Google
And the general approach is the same - you want to be at the top, but how you get there is quite different these days than it use to be. The Google Menagerie has trampled the search results multiple times, each time beating spam and less relevant results into the deeper recesses of the SERPs (Search Engine Results Page), or even completely out of the results as particularly spammy websites and pages got deindexed entirely.
(The Google Menagerie: Penguins and Pandas and Hummingbirds, Oh My!)
Today, if you want to be found on the first page of Google, you must be QRST
Quality - Spun content, duplicate content, content that doesn't pass a basic grammar check (I use Grammarly, personally) simply will no longer pass muster. The higher the quality, the more likely the content is to engage and captivate your potential customer/clients/web page visitors - you're making a great first impression, and that's always a good thing!
Relevant - This one is obvious, but if people are looking for advice on dating, or how to repair their 89 Dodge, they last thing they want to be looking at is pictures of your cat, Mr. Snugglemuffin, wearing cute hats. Relevancy is determined by a host of factors, including but not limited to the words you use on the page, description and alt tags on images, videos (especially YouTube videos) linked to on the page, and more. The more relevant, the better.
If you ever want to know just how relevant Google thinks your page is, here's a quick hack: get an Adwords account, and set up an add for your particular page, targeting the keywords you think you're relevant for. Feel free to bid low so that you don't receive any clicks, and within a few days your page will receive a quality score. More here.
Shareable - Certain niches just aren't shareable, and if you're trying to stake your claim in the...uh..."male enhancement" niche, let's say, then chances are people visiting your site aren't going to be actively sharing your information on social media - but in general, your content should be shareable. To be shareable, your content must be Relevant and Quality, and also helpful in some way. It must give them something that the reader or viewer didn't have before, and which they'll want to show other people that they just got. A trick, a hack, something helpful often times does the trick - you know, like how to determine your quality score... 😉
Trustworthy - Trust is crucially important, and it is also the hardest metric to gauge in many ways. Trust involves QR&S - If you have a Quality site with Quality content that's Relevant and Sharable, that's a good start. But Trust goes beyond that.
Anyone can spend money to make a fancy site, and you can technically buy social signals. Trust comes from the number and quality of other websites that vouch for your authenticity. Yes, that means "backlinks." But not the way you think.
5 years ago and beyond, the only metric that mattered was backlinks, and people would "spam the heck out of them." Gone are those days.
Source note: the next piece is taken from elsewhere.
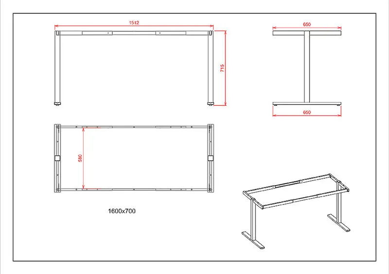 Bordpladen er lavet af 25 mm tyk MDF belagt med laminat, lige eller runde hjørner og en 10 mm kantliste af ABS-plast. Højde 740 mm inklusive bordplade. Bemærk! Den hængende skuffesektion (tilbehør) passer ikke til borde med en længde på 1200 mm. Alle andre længder passer.

No, today your linking profile will look very different. It may involve a couple of "anchor" backlinks, the way malls used to have (and still do, where they still exist) "anchor" stores (think Sears, J. C. Penny, Dillards, etc). Anchor stores brought in a lot of shoppers, and then the smaller stores fed off of the overflow (like pilot fish around a few sharks). Without the anchor stores, the rest falls apart (and just imagine a shopping mall where the Anchor stores go out of business and you'll see how quickly such a balance falls apart.) Anchor backlinks, then, are powerful backlinks from trustworthy sources, known for having a series of checks and balances to prevent people from "spamming" or hijacking their general domain authority to promote their own agenda. Think news sites, ranging from your local news to sites like HuffingtonPost.com, CNN.com, and FoxNews.com. Also governmental sites (.gov) and educational sites (.edu) are generally regarded as trustworthy, since they are restricted TLD (top level domains, or the extension after the "dot", like .com which stands for "commercial site").
SEO Software companies like Moz and Majestic are seeking to incorporate their best guess at trust, with MozTrust and Trust Flow, respectively. Curious about your Trust levels, you can take a look at their rankings by inputting your own website or page into their program and seeing what they say - but remember that either one is only a best guess.
Get a few anchor backlinks to establish your trust, and share your content as broadly as you can, and you'll begin to affect your search engine positioning SEO-style. It can honestly take a lot fewer backlinks than you might think to achieve measurable SERP-movement if they're from credible enough sources.